## [GIVEN INFORMATION]
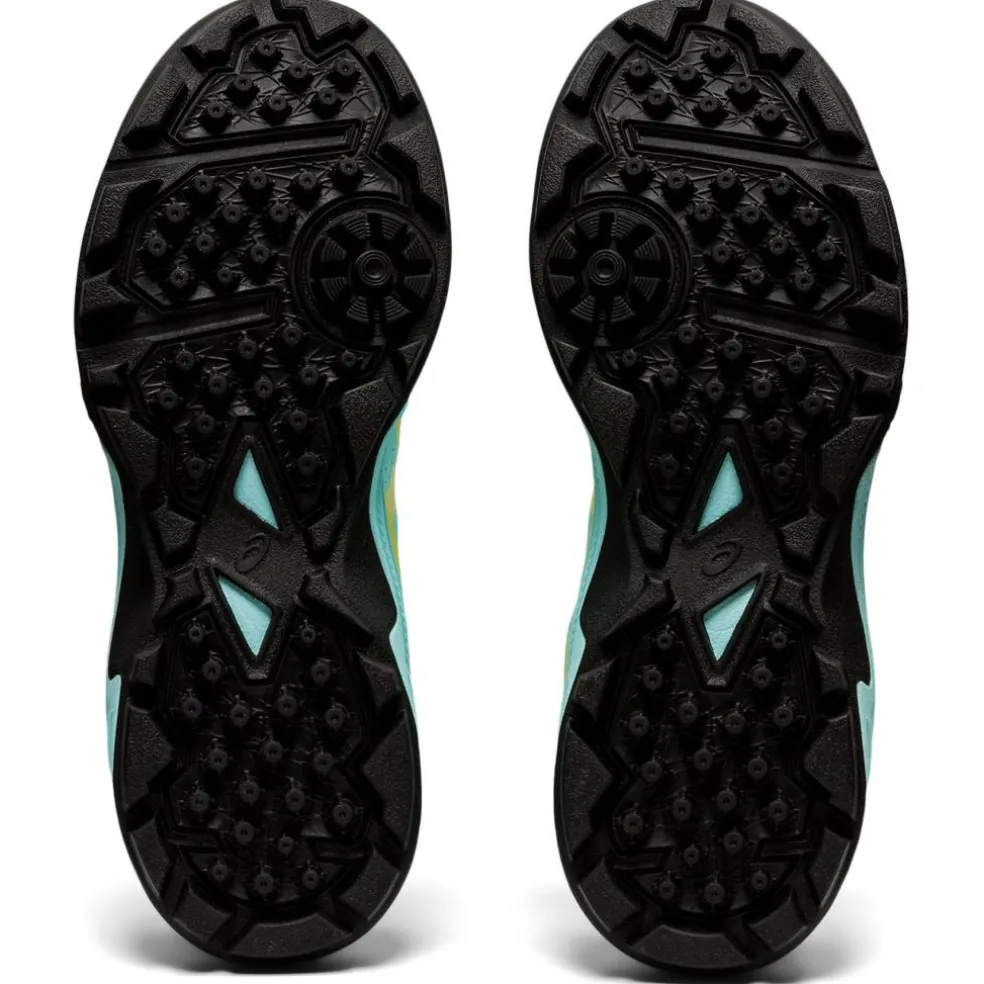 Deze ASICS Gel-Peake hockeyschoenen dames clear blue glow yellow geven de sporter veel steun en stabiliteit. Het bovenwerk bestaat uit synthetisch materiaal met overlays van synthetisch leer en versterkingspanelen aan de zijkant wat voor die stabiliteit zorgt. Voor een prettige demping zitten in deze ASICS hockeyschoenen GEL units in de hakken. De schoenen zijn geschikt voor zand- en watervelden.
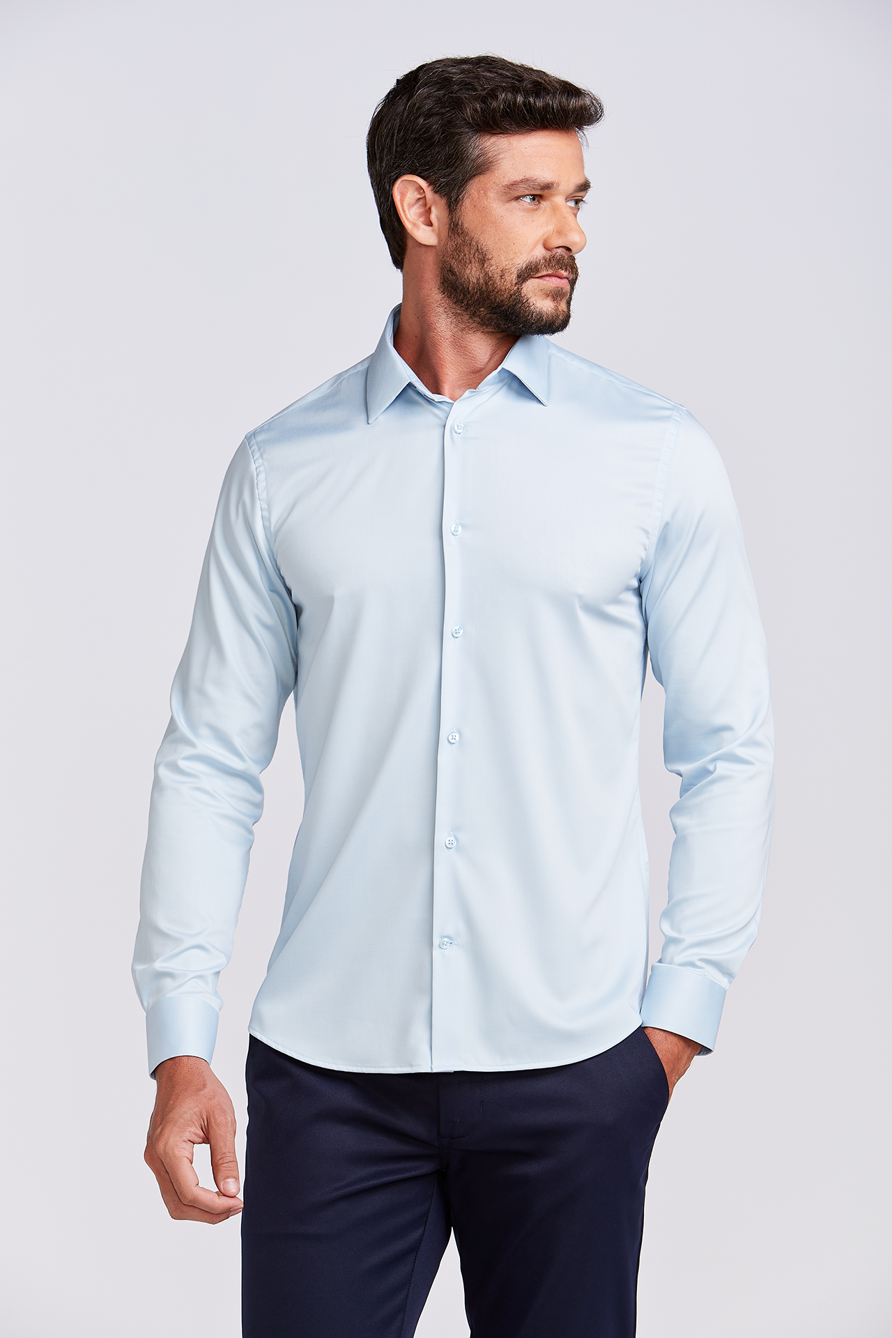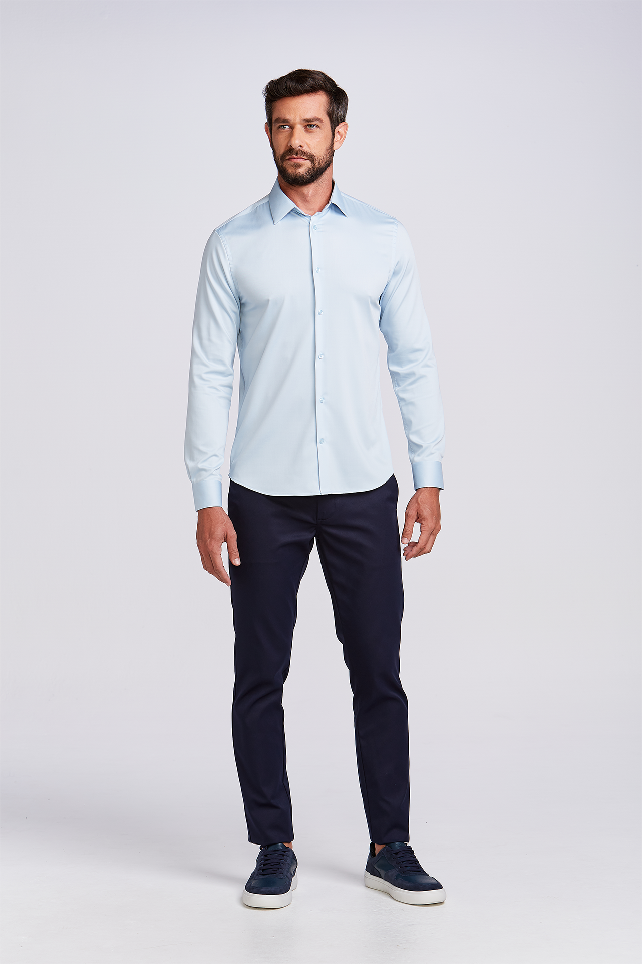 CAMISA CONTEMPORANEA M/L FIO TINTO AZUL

---

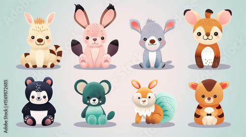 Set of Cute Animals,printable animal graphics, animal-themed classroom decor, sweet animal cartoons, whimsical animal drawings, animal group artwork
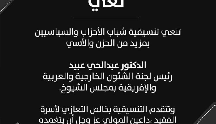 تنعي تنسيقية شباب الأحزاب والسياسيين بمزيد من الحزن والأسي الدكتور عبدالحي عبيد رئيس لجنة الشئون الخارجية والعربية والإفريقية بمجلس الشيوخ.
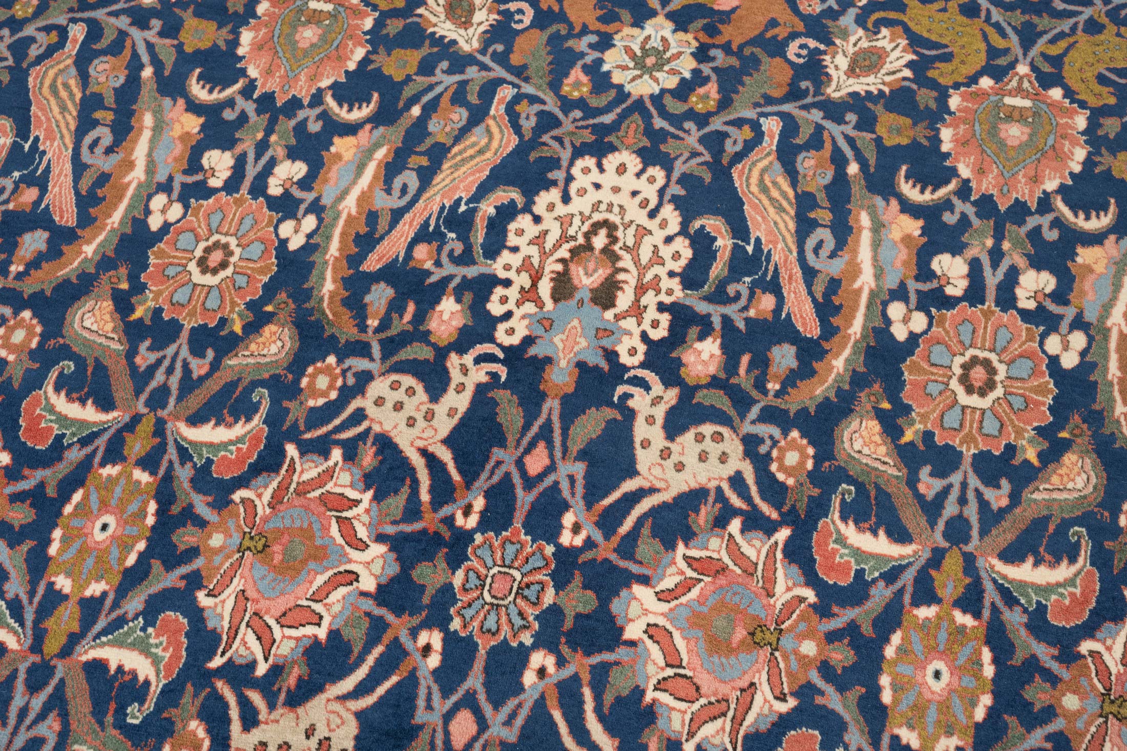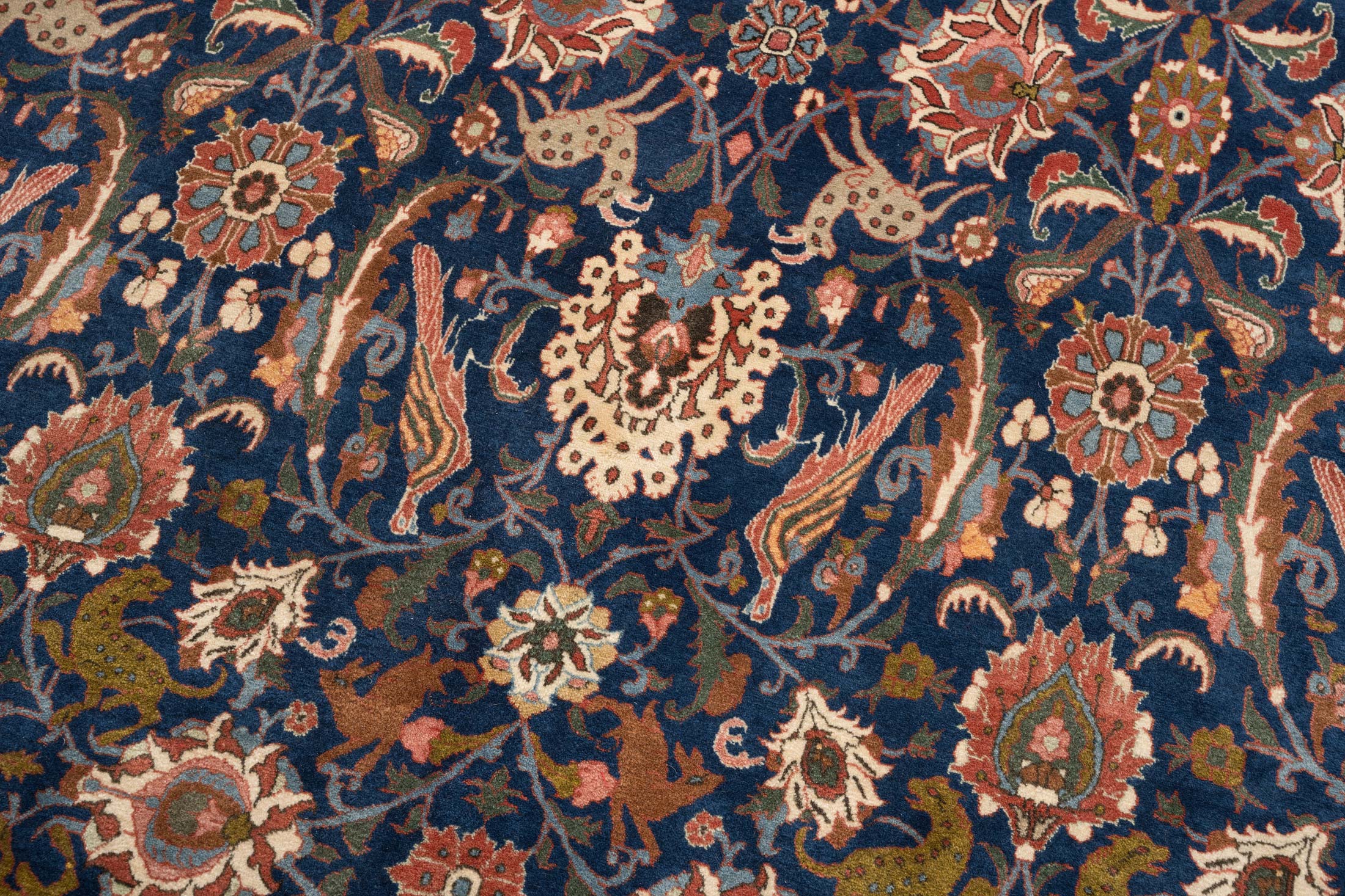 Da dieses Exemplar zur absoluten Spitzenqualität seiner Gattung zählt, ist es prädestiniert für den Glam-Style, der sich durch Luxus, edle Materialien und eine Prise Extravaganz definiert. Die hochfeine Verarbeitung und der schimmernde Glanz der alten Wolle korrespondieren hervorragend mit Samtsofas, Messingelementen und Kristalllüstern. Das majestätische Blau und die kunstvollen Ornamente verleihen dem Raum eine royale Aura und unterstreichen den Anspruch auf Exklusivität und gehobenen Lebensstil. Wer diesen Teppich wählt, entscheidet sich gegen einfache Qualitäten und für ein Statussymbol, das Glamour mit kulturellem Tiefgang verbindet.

---

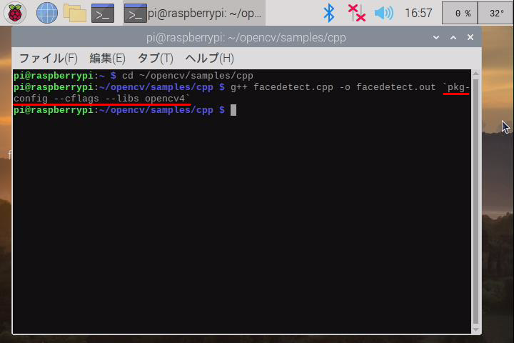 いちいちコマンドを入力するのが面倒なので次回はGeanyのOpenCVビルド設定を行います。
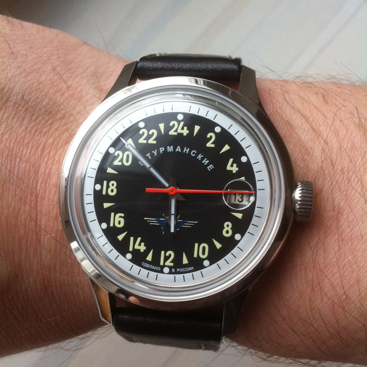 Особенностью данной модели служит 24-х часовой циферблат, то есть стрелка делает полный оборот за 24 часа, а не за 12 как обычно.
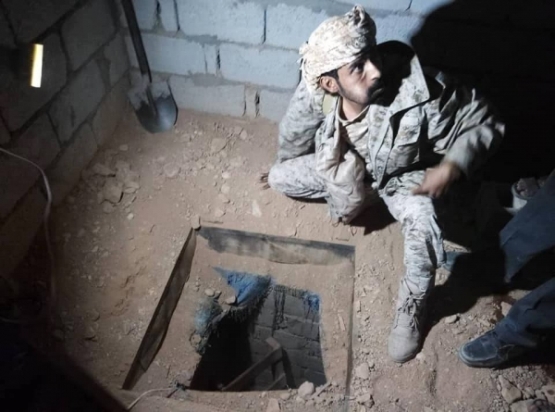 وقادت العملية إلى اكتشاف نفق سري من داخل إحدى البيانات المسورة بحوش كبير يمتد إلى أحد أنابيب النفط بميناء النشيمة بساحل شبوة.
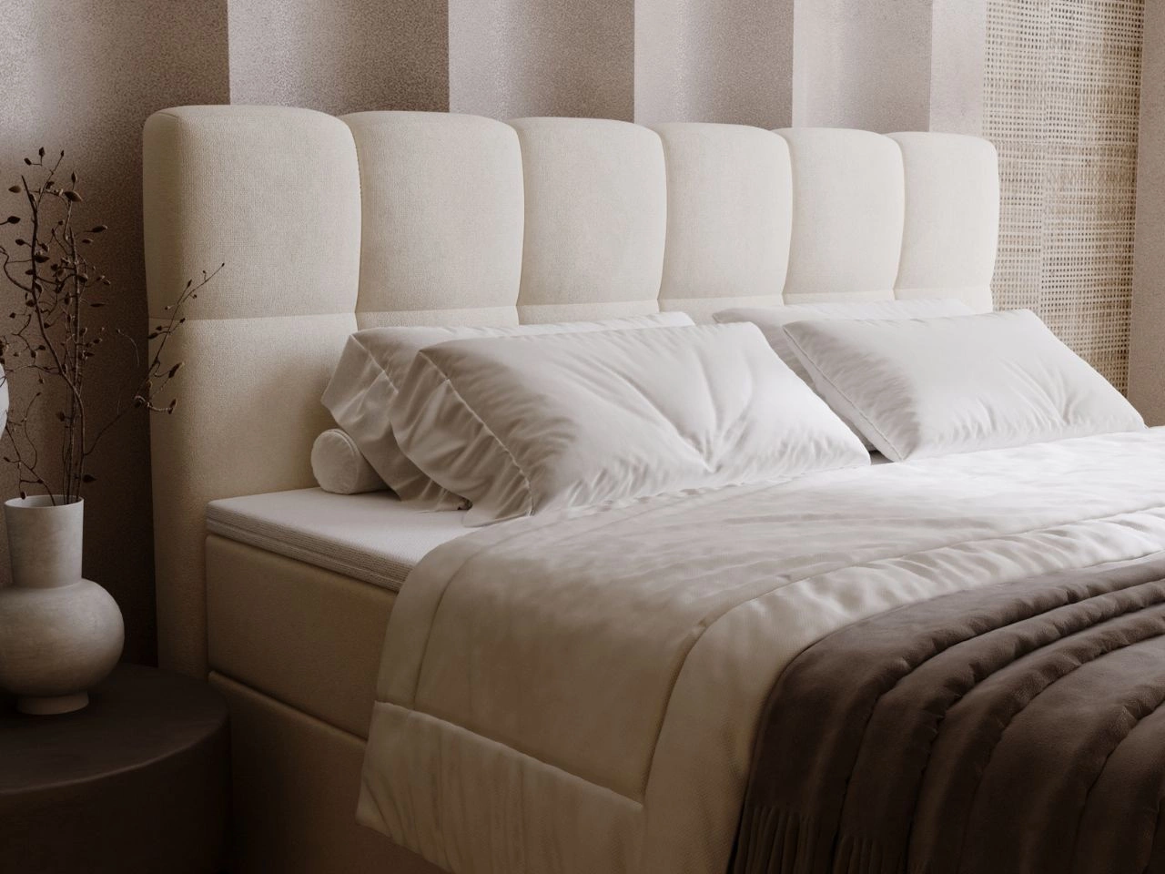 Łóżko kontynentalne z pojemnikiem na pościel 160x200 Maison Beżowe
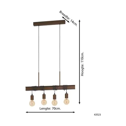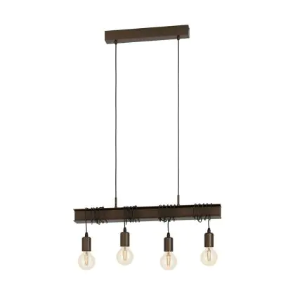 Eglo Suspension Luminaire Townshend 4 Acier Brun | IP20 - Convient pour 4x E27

## [WHAT IS BEING ASKED]
In the records above, copy exactly everything from the line that has "Set of Cute" down to the line that has "تنعي تنسيقية شباب", both ends included, and leave out the pictures.

## [EXPECTED ANSWER]
 Set of Cute Animals,printable animal graphics, animal-themed classroom decor, sweet animal cartoons, whimsical animal drawings, animal group artwork
 تنعي تنسيقية شباب الأحزاب والسياسيين بمزيد من الحزن والأسي الدكتور عبدالحي عبيد رئيس لجنة الشئون الخارجية والعربية والإفريقية بمجلس الشيوخ.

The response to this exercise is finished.